С подарков де Шательро, конечно, не начнет — начнет он издалека, с расспросов о здоровье родни. Потом перешли к делам на границе, гость выслушал пару-тройку рассказов о недавних приключениях и в ответ свернул на дела столичные; дескать, вы там наверняка не все наши новости вовремя получали, и не все — в правильном пересказе, так вот, знаете ли, тут у нас было довольно много интересного. И пошел, и пошел — одну несвежую сплетню следом за другой, и большинство из них Джеймс слышал уже давно, и до Границы слухи долетают, а среди меньшей части не так уж много достойного попадалось. Промелькнула жалоба на секретаря Ее Величества — дескать, до чего пустое существо, сплошной треск да бряцанье, а никакой почтительности.
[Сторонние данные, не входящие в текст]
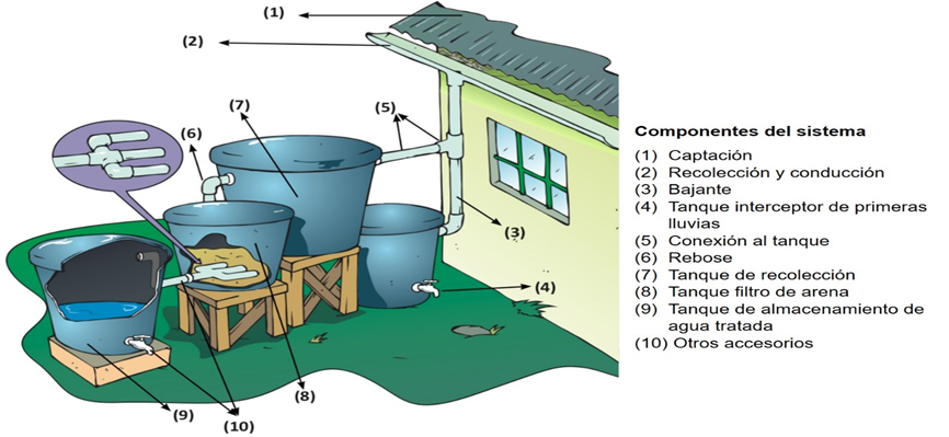 En el municipio de Rayón, con referencia al servicio de agua entubada o potable, se reconoce como uno de los servicios deficientes, derivado de la falta de agua potable que existe en el municipio, y el poco o casi nulo suministro con el que cuenta el Centro de Bachillerato Tecnológico de este tan preciado líquido, se optó por buscar estrategias para poder abastecer a la institución de agua, ya que sin este vital liquido no es posible el funcionamiento de la misma. Por lo que se recurrió a planear un sistema de captación de agua de lluvia, que conjunta técnicas y dispositivos diseñados para recolectar y almacenar el agua que cae en temporada de lluvia, con el objetivo de aprovechar esta agua como una alternativa al servicio municipal logrando mejorar la autonomía de nuestro centro escolar. El aprovechamiento del agua de lluvia se ha convertido en un incentivo para la gestión y el uso eficiente del agua. De esta forma, está siendo utilizada principalmente para el uso de los sanitarios de la institución. Por tal motivo se optó por instalar un sistema de captación de lluvia, que pueda abastecer a toda la comunidad escolar y dejar de depender de un suministro que no nos garantiza satisfacer las necesidades de la comunidad escolar del CBT Ignacio López Rayón. En la Figura 1 se puede observar de qué elementos se compone un sistema de captación de lluvia.

Еще два десятка рассказов о том, кто кому что сказал и кто чем ответил, о парламенте и проповедях, и о том, что некоторые проповедники как-то… перебирают, с какой стороны ни глянь, и дались же ему придворные увеселения, как будто сам за них платит!.. И чем больше говорит, тем лучше слышно, что настоящей ссоры с Ноксом у де Шательро нет. И настоящей ссоры с Хантли у де Шательро нет. И от мысли женить своего сына на Марии он отказался… может быть, временно. А важен сейчас старшему Аррану один только человек. Тот, чьего имени он не упоминает вовсе. Брат королевы. Лорд-протектор. Мерей. С первого визита де Шательро, конечно, не начнет ни приглашать к совместному поеданию, ни обозначать все выгоды предприятия и долю в добыче: прекрасно помнит, что мы с Мереем грызлись потихоньку, но кто же с ним так, по делу, не грызся, а больше и дальше в последний год не заходили. Так что де Шательро ни малейших поводов подозревать некий умысел и заговор не даст, пока не убедится, что я с ним согласен — а вот визиты наносить будет часто, шумно, так, чтобы все видели, и чтоб Мерей об том узнавал немедленно, раньше всех прочих. Лорд-протектор наш терпеть не может, когда у него за спиной что-то происходит.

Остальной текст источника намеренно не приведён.